• [Work request]
Each line from the one holding "Jedinečný prsten ze" to the last line below must be restated word for word, and no picture may be included.

================================

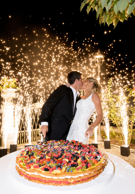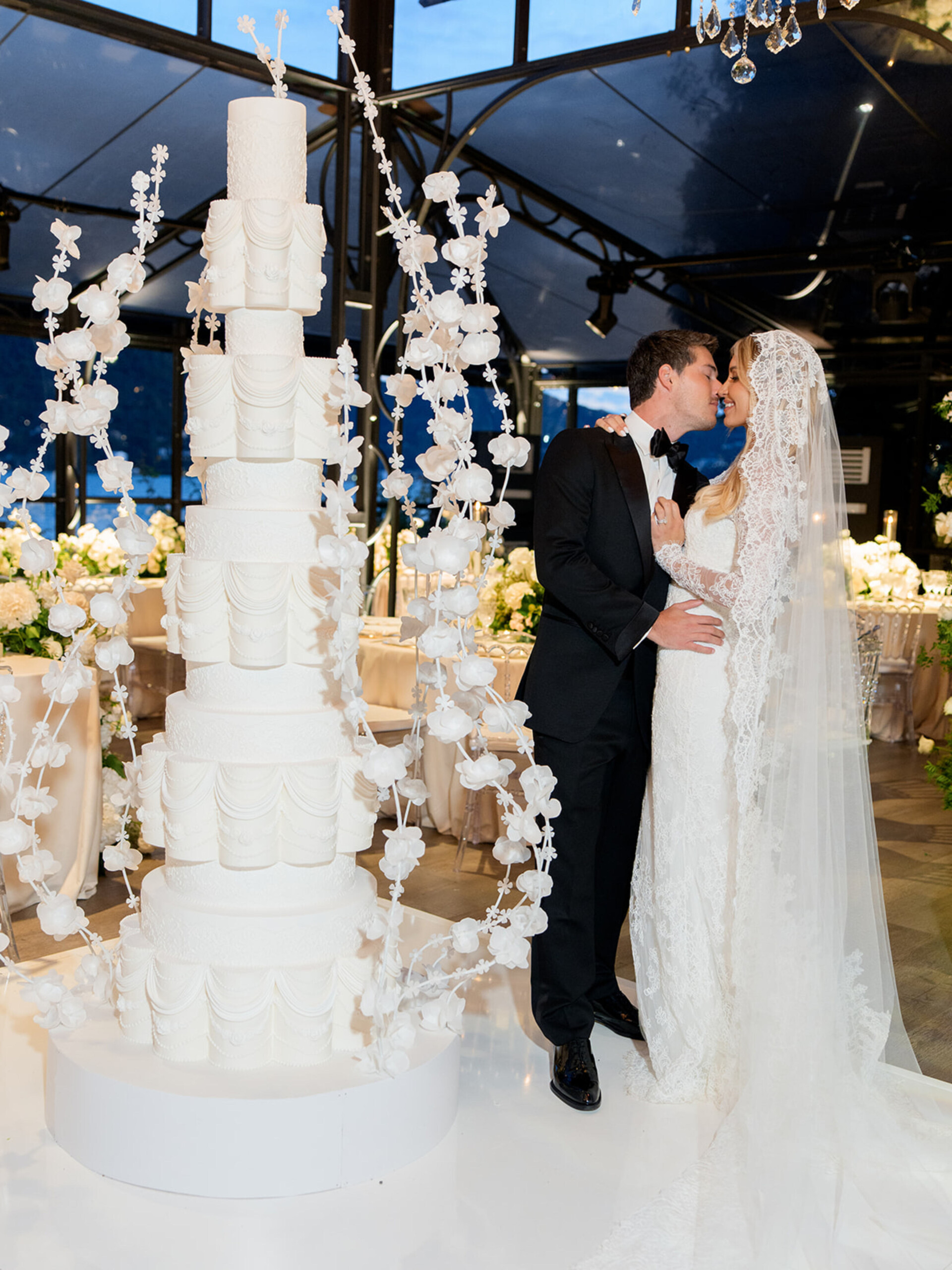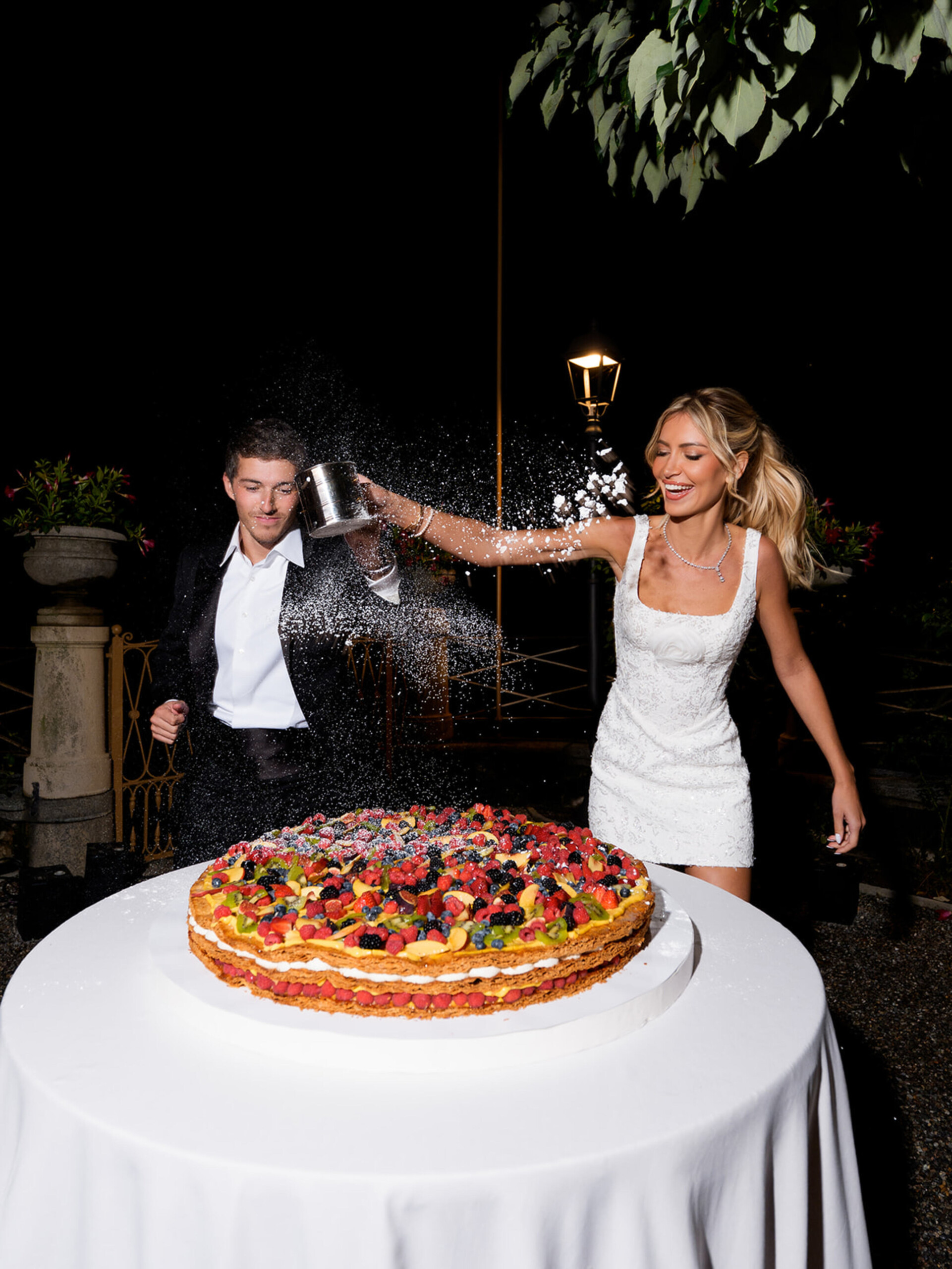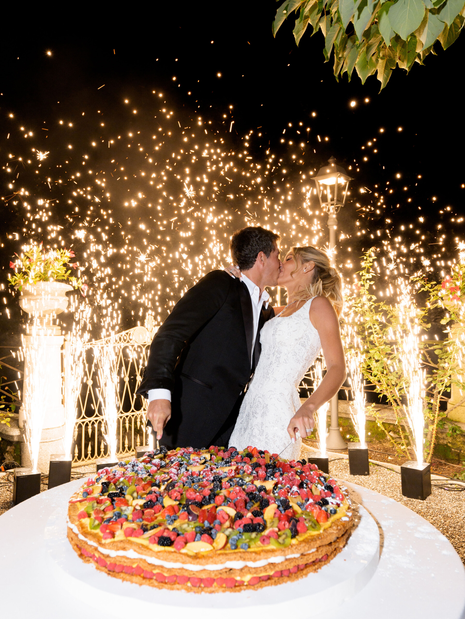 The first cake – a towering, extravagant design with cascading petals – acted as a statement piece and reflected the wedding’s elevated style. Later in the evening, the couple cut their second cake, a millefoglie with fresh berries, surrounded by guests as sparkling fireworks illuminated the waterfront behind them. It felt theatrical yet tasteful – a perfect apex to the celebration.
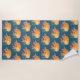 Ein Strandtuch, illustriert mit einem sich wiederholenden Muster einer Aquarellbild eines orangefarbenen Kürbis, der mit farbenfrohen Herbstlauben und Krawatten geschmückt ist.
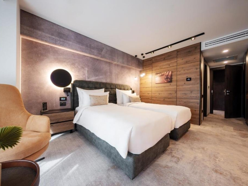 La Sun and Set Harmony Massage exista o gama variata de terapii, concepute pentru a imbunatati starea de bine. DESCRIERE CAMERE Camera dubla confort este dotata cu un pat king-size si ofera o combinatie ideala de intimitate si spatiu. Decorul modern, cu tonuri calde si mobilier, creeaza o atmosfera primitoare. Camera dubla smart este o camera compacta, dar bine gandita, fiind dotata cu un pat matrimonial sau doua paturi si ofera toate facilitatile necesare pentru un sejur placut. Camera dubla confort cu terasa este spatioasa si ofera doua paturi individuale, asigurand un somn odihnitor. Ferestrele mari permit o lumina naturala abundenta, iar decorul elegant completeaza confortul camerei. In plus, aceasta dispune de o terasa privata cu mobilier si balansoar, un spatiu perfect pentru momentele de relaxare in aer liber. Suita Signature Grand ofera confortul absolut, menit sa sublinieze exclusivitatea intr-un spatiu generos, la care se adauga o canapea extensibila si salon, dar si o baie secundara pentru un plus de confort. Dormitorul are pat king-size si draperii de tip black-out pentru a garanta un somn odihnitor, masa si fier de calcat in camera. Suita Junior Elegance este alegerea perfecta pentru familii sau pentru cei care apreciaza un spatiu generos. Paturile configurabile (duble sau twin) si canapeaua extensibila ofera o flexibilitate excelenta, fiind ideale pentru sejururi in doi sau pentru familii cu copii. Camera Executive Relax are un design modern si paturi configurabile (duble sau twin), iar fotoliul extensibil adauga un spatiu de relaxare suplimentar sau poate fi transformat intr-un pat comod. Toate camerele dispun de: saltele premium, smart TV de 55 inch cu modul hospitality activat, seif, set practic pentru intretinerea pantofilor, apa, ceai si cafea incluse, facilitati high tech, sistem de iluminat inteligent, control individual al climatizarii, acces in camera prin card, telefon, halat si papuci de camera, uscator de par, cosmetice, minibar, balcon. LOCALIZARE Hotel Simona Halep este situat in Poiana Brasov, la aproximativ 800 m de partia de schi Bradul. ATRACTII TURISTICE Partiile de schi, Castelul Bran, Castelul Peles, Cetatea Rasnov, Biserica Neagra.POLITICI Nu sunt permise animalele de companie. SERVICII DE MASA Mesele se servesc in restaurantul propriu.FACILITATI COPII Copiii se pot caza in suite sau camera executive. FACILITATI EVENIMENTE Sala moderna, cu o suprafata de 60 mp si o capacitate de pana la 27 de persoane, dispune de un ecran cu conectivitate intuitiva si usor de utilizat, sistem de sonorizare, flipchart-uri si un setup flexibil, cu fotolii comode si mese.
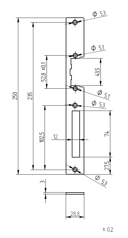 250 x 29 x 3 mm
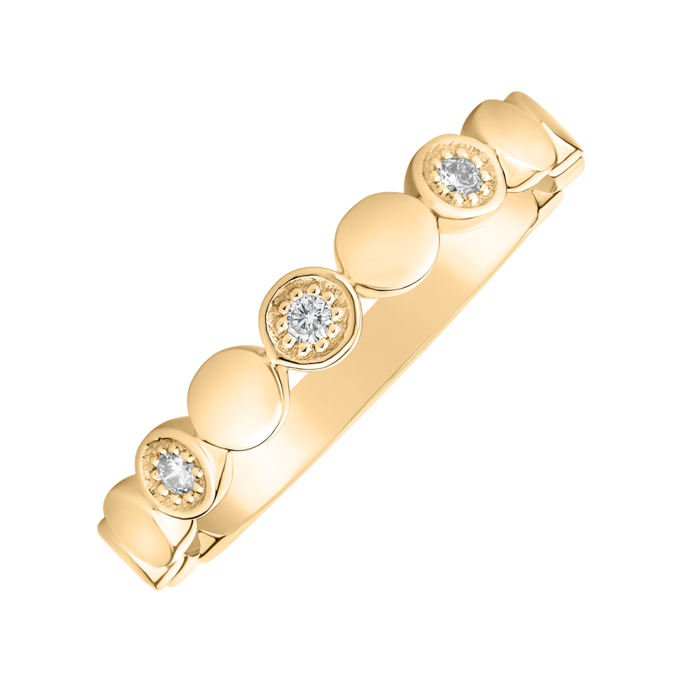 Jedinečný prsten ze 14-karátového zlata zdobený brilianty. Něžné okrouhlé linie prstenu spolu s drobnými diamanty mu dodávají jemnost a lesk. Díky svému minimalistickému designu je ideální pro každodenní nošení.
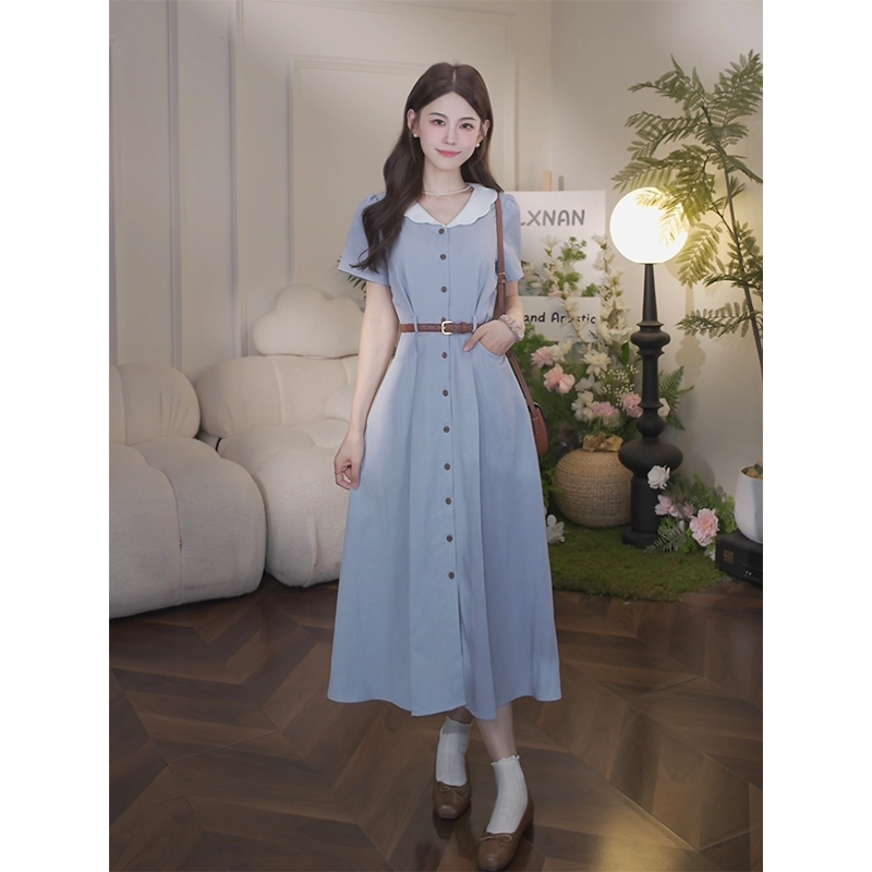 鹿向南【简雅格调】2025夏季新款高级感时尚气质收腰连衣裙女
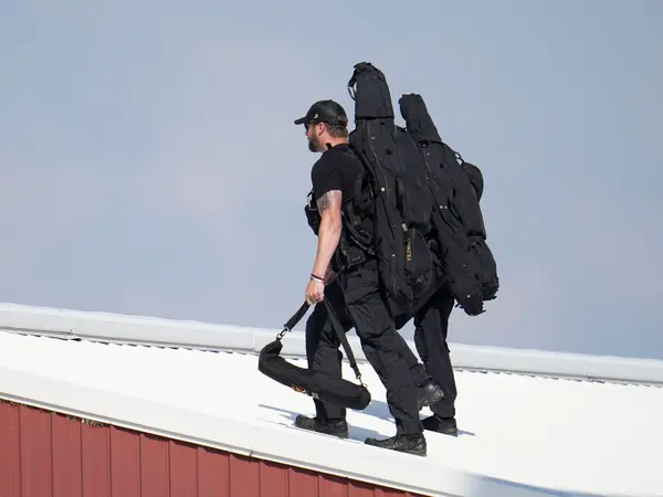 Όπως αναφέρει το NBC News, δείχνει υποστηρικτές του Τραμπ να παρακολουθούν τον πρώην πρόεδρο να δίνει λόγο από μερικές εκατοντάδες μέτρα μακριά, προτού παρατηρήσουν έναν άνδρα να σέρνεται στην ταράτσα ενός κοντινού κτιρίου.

================================

• [Answer to the problem]
 Jedinečný prsten ze 14-karátového zlata zdobený brilianty. Něžné okrouhlé linie prstenu spolu s drobnými diamanty mu dodávají jemnost a lesk. Díky svému minimalistickému designu je ideální pro každodenní nošení.
 鹿向南【简雅格调】2025夏季新款高级感时尚气质收腰连衣裙女
 Όπως αναφέρει το NBC News, δείχνει υποστηρικτές του Τραμπ να παρακολουθούν τον πρώην πρόεδρο να δίνει λόγο από μερικές εκατοντάδες μέτρα μακριά, προτού παρατηρήσουν έναν άνδρα να σέρνεται στην ταράτσα ενός κοντινού κτιρίου.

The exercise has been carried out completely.